According to the World Health Organization
According to the World Health Organization (WHO), tobacco consumption claims about 80 lakh lives every year, with an estimated 10.3 lakh non-smokers exposed to second-hand smoke.
Smoking is said to affect reproductive health in women. In some cases, women who smoke may find it difficult to conceive or may lead to premature birth, low birth weight.

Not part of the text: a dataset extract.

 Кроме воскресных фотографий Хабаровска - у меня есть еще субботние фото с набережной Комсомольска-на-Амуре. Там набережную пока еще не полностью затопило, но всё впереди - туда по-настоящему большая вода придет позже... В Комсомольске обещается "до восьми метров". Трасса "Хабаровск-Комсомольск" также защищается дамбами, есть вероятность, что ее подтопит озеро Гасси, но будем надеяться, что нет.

The pregnancy may experience complications such as infant mortality. Smoking increases your risk of cervical cancer. So doctors advise women trying to conceive to avoid smoking.
Risk of cancer
Smoking can cause various types of cancer, including mouth and throat, esophagus, stomach, colon, rectum, liver, pancreas, lung, trachea, kidney, urethra, and cervical cancer.
Risk of heart disease
Smoking is one of the risk factors for heart disease. Millions of people die every year from tobacco-induced heart disease. This equates to one in five deaths from heart disease. So people with heart problems should quit smoking.
Smoking affects your skin and accelerates the aging process. This deprives your skin of oxygen and nutrients, inhibiting the production of collagen and elastin.

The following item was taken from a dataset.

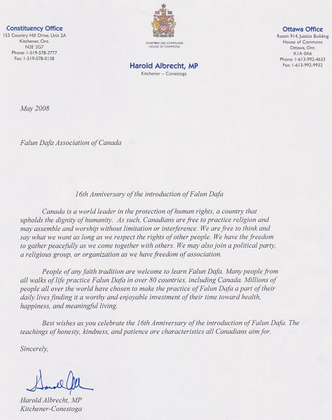 安省Kitchener地区国会议员艾伯瑞撤特(Harold Albrecht)在发来的贺信中说:“在八十多个国家,包括加拿大,来自各行各业的很多民众修炼法轮大法。全世界上亿人选择法轮大法作为他们生活的一部份”,法轮大法给他们带来了“健康、快乐和富有意义的生活”,“值此庆祝法轮大法传世十六年之际,请允许表达我最真挚的祝福。诚实、善良和忍让的教导是所有加拿大民众追求的。”

Toxins in smoke trigger harmful enzymes that break down these important proteins. It causes wrinkles and sagging skin. So quitting smoking is an anti-aging measure that can help your skin heal and regain its youthful glow.

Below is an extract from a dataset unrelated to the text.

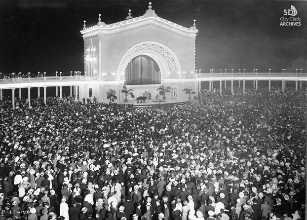 Large crowd at a nigh time event at the Spreckels Organ Pavilion. The Panama California Exposition was held in Balboa Park in San Diego between January 1, 1915, and January 1, 1917. The exposition celebrated the opening of the Panama Canal, and was meant to tout San Diego as the first U.S. port of call for ships traveling north after passing westward through the canal.
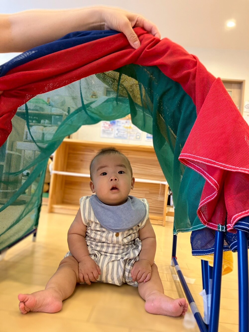 「よーい、どん!」の合図で障がい物走のスタートです!最初はトンネルくぐり☆

Smoking is dangerous for your bone health. Not only does it reduce the blood supply to your bones, but the nicotine in cigarettes slows down the production of osteoblasts. It suggests that 30-40% of elderly smokers are at greater risk of breaking their hips than non-smokers.
If you are a smoker, you are also likely to be at risk of dental problems. Smoking increases your risk of gum disease, which can affect the bone structure that supports your teeth. Red or swollen gums, pain while chewing, sensitive teeth and bleeding gums are some of the common symptoms.